Building robots to understand insect behaviour
We research and model the sensorimotor capabilities of insects. This ranges from simple reflexive behaviours such as the phonotaxis of crickets, to more complex capabilities such as multimodal integration, navigation and learning. We carry out behavioural experiments on insects, but principally work on computational models of the underlying neural mechanisms, which are often embedded on robot hardware. To find out more, see this short video, look at some of our projects, our recent publications, the homepages of people in the lab, or contact us directly.
Insect-inspired neuromorphic nanophotonics
Insects are capable of amazing autonomous feats well beyond current computers, such as navigating across hundreds of kilometres. Here, we want to realize artificial neural networks inspired by neurobiology with our combined skills in nanotechnology.
As proof of concept, we target the complete pathway from polarised light sensing in the insect eye to the internal compass and memory circuits by which this information is integrated into a continuous accurate estimate of location. You can find more information about the project here.
This is a collaboration of research groups at Lund University, the University of Copenhagen, the University of Edinburgh, and the University of Groningen; it is funded by the EC in the Horizon Europe programme (GA 101046790); and it started on April 2022.
Insect-inspired artificial intelligence
While contemporary artificial intelligence (AI) has become increasingly powerful, most celebrated AI models are greedy for high-quality data and rely on expensive advanced computing, which brings new scepticisms and challenges, e.g., AI and sustainability. An efficient alternative would thus play a complementary role, benefitting the field of AI, and potentially all of us. We believe insect brains offer naturally such inspirations for novel designs that are both efficient and robust, because insects, despite their tiny brains, are capable of learning, planning, and problem-solving.
Our project draws insight mainly from the mushroom body (MB) neuropil in insect brains, which is believed to be the ‘computing centre’ of rapid associative learning from minimal data, guiding and coordinating robust behaviour in complex, dynamic environments. We aim to bring together our scientific understandings of the MB and to test insect-inspired AI designs in tasks such as visual recognition and robot navigation.

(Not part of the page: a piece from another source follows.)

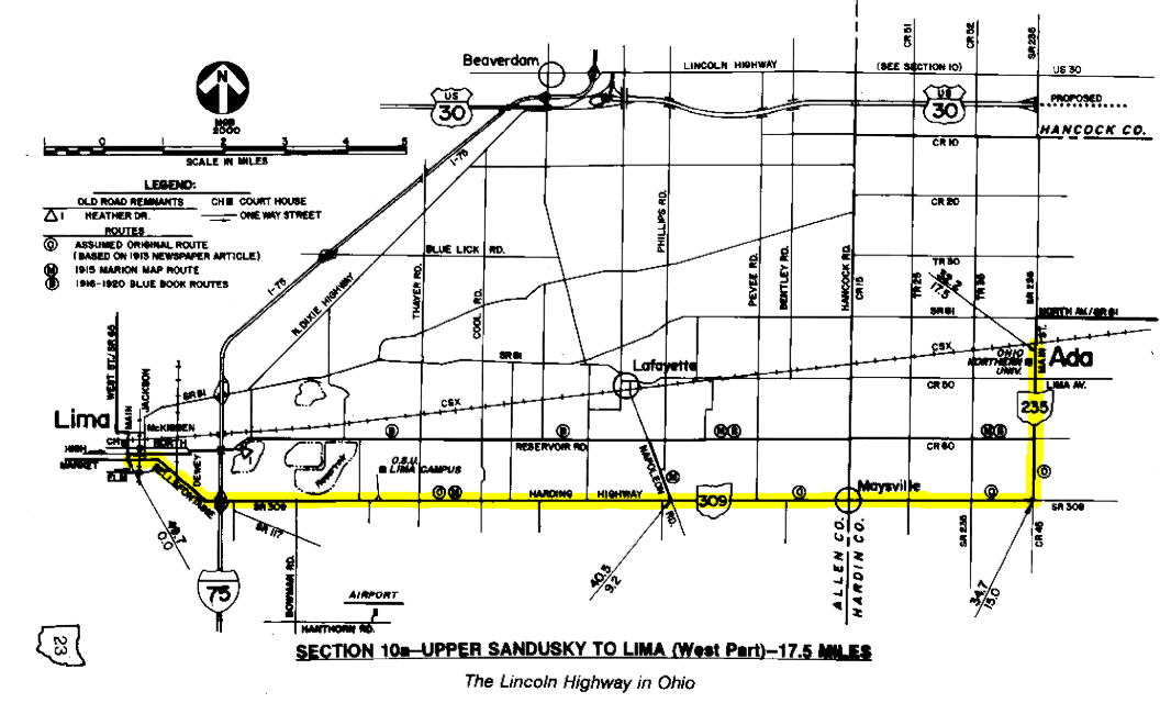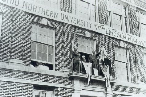 a blossoming When a movie caravan made a promotional tour of the Lincoln Highway on its way to the 1915 Panama-Pacific Exposition in San Francisco, stops were made at several Ohio towns. In Ada, Governor Frank B. Willis gave an inspired "Good Roads" speech at Ohio Northern University. The first variation from the 1913 route appears to have occurred soon thereafter. The Marion map, Blue Book, and Scarborough Guide all show a route that continues south from Ada for only 1.5 miles, turning west at the cemeteries with what is now (Hardin) County Road 60, which becomes Reservoir Road in Allen County. This variation rejoins the assumed 1913 route by turning south onto Napoleon Road, meeting the Harding Highway at a point two miles "below" Lafayette.

The current rather limited ability of robots to grasp diverse objects with efficiency and reliability severely limits their range of application. Agriculture, mining and environmental clean-up are just three examples where – unlike a factory – the items to be handled could have a huge variety of shapes and appearances, need to be identified amongst clutter, and need to be grasped firmly for transport while avoiding damage. Secure grasp of unknown objects amongst clutter remains an unsolved problem for robotics, despite improvements in 3D sensing and reconstruction, in manipulator sophistication and the recent use of large-scale machine learning.
Ants however, with relatively simple, robot-like ‘grippers’ (their mandibles), limited sensing, and tiny brains, can pick up and carry a wide diversity of items. From seeds to larvae, or other insect preys, these items can vary enormously in shape, size, rigidity and maneuverability. Ants display remarkable abilities that are often outperforming the best robotic approaches. This project aims to understand how the ant brain solves such complex challenge, and derive from this new control mechanisms for robotic grasping.